Genetic fine-mapping for complex diseases (such as
cancers, diabetes, osteoporoses etc.) is currently a great challenge for
geneticists and will continue to be so in the near future. With the
availability of single nucleotide polymorphisms (SNPs) information,
researchers see new potentials of genetic mapping. The ongoing genetic
variation and haplotype map projects at the National Human Genome Research
Institute (NHGRI) of the USA and the international HapMap project are focused
on the discovery and typing of SNPs and development of high-resolution maps of
genetic variation and haplotypes for human [4].

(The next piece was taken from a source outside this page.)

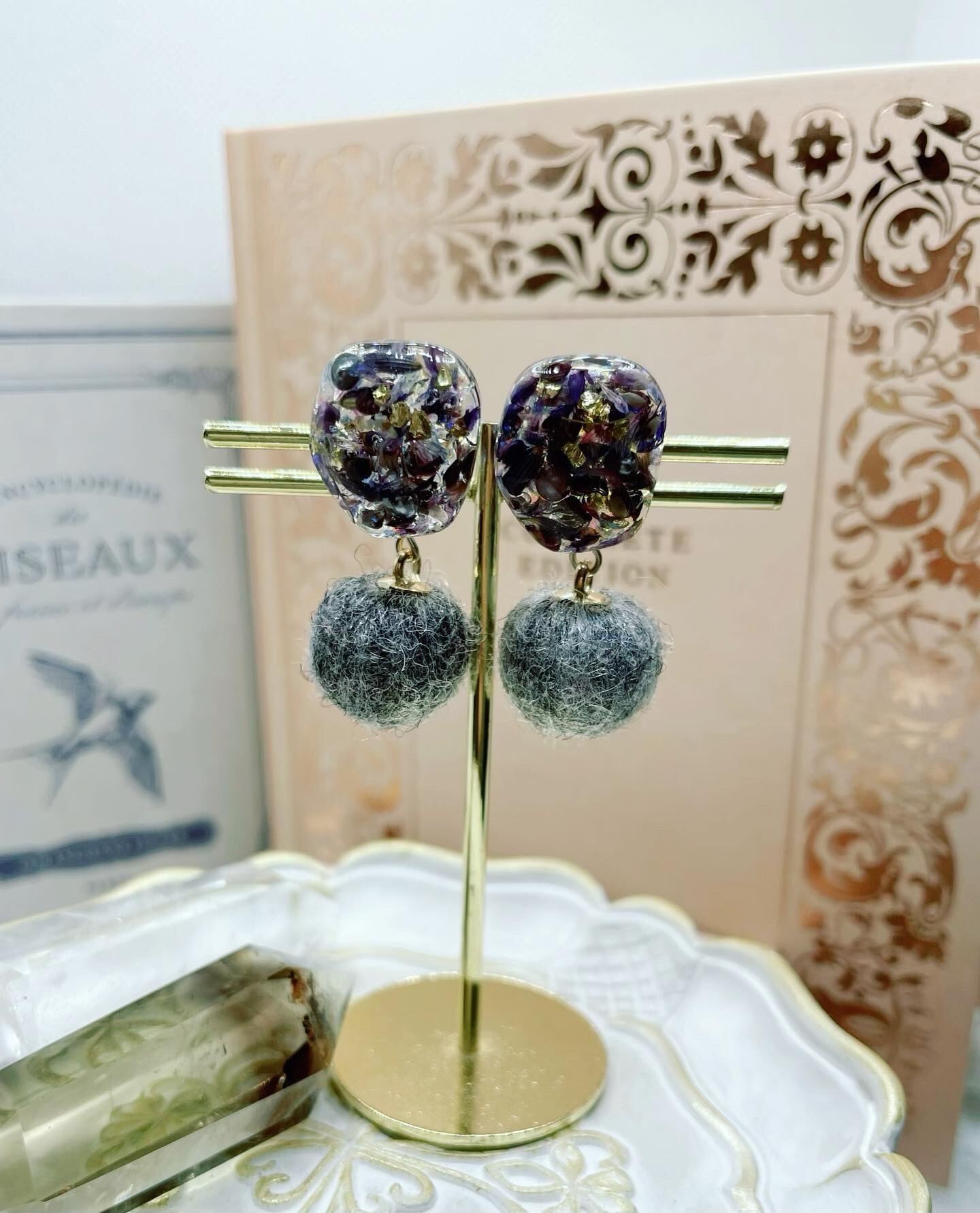 ブラウンと金パーツ、紫のお花とグレーポンポン、ブルーのお花とグレーポンポン どれかご指定ください。

But, the use of haplotype maps has been limited due to the fact that the human
genome is a diploid and, in practice, genotype data instead
of haplotype data are collected directly, especially in large scale
sequencing projects, because of cost considerations. Efficient and accurate
computational methods for haplotype reconstruction from genotype data are still
highly demanded.
We are interested in
rule-based haplotype reconstruction methods on pedigrees. In a very recent
paper [7], Qian and Beckmann
proposed a rule-based algorithm to reconstruct haplotype configurations for
pedigree data, based on the minimum recombination principle. (From now on, we
call their algorithm MRH.) Given a pedigree and the genotype information about
each member of the pedigree (with possibly missing data), the authors are
interested in finding the haplotype configurations for each member such that
the total number of recombinants (or recombination events) in the whole
pedigree is minimized. We call the problem the Minimum-Recombinant
Haplotype Configuration (MRHC) problem. Although the algorithm MRH
in [7] performs very well for small
pedigrees, its effectiveness scales very poorly because it runs extremely
slowly on data of even moderate sizes, especially for data with biallelic
markers. This is regrettable since large SNP data sets on pedigrees are
becoming increasingly interesting and SNP markers are biallelic.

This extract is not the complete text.